**ABOUT THIS EXERCISE**.
The full listing, excluding its pictures, should be printed exactly as it stands.

**RECORDS SUPPLIED**.
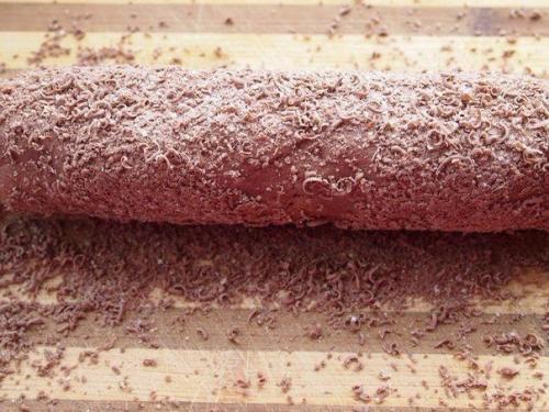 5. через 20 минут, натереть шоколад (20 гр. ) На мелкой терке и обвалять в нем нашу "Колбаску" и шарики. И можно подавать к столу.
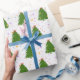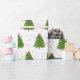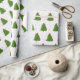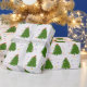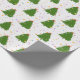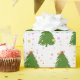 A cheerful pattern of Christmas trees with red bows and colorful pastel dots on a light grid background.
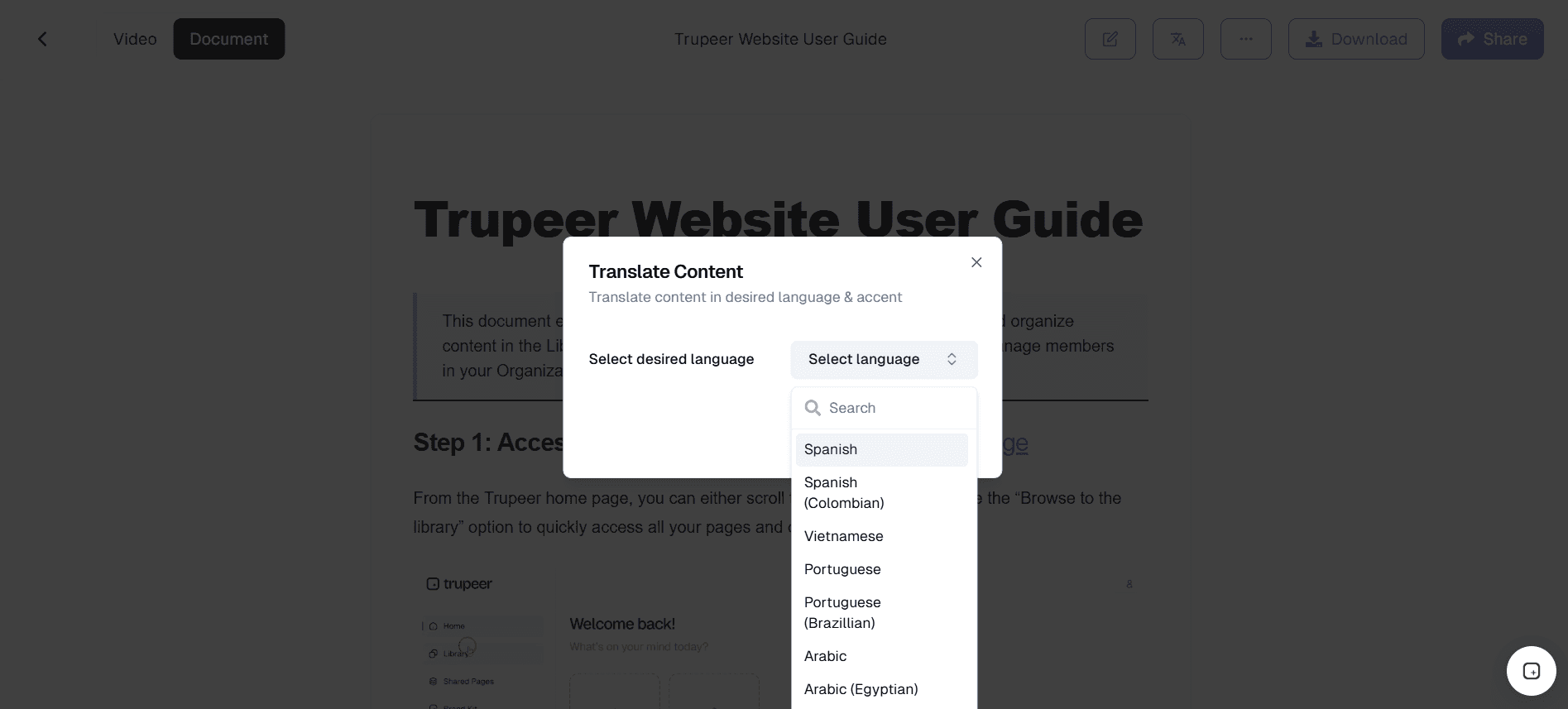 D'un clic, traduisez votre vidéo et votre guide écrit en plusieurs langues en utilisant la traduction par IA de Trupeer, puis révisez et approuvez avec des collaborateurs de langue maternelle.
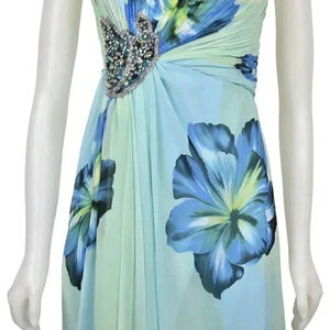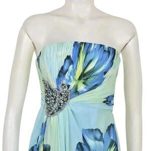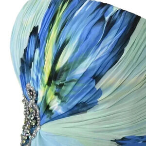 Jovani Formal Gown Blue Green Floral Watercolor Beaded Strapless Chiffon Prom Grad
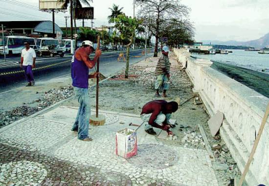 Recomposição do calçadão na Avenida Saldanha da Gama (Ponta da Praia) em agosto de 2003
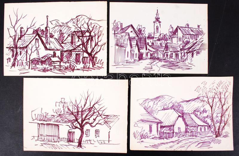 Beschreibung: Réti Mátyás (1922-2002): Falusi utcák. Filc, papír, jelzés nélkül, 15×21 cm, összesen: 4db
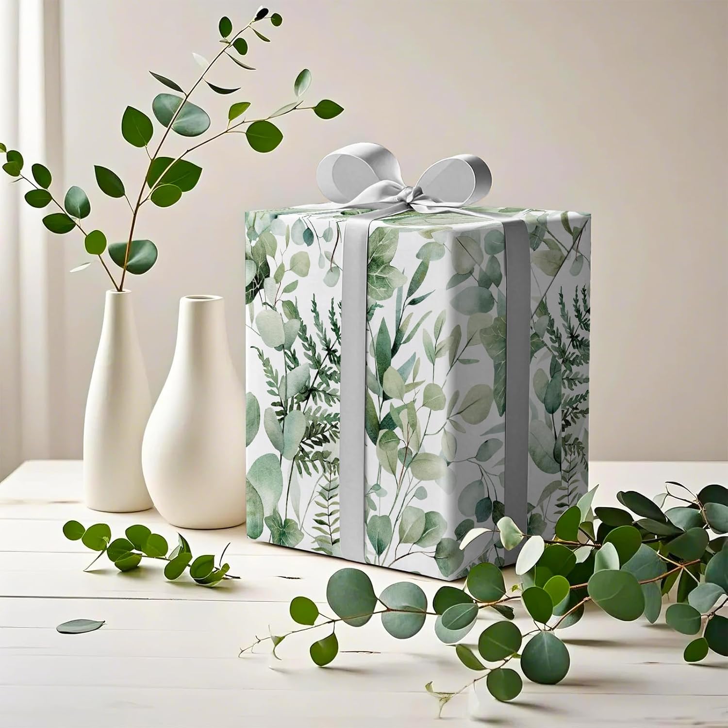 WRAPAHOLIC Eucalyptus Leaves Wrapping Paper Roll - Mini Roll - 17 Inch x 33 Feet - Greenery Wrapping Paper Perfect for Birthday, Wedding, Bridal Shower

**RESULT**.
 5. через 20 минут, натереть шоколад (20 гр. ) На мелкой терке и обвалять в нем нашу "Колбаску" и шарики. И можно подавать к столу.
 A cheerful pattern of Christmas trees with red bows and colorful pastel dots on a light grid background.
 D'un clic, traduisez votre vidéo et votre guide écrit en plusieurs langues en utilisant la traduction par IA de Trupeer, puis révisez et approuvez avec des collaborateurs de langue maternelle.
 Jovani Formal Gown Blue Green Floral Watercolor Beaded Strapless Chiffon Prom Grad
 Recomposição do calçadão na Avenida Saldanha da Gama (Ponta da Praia) em agosto de 2003
 Beschreibung: Réti Mátyás (1922-2002): Falusi utcák. Filc, papír, jelzés nélkül, 15×21 cm, összesen: 4db
 WRAPAHOLIC Eucalyptus Leaves Wrapping Paper Roll - Mini Roll - 17 Inch x 33 Feet - Greenery Wrapping Paper Perfect for Birthday, Wedding, Bridal Shower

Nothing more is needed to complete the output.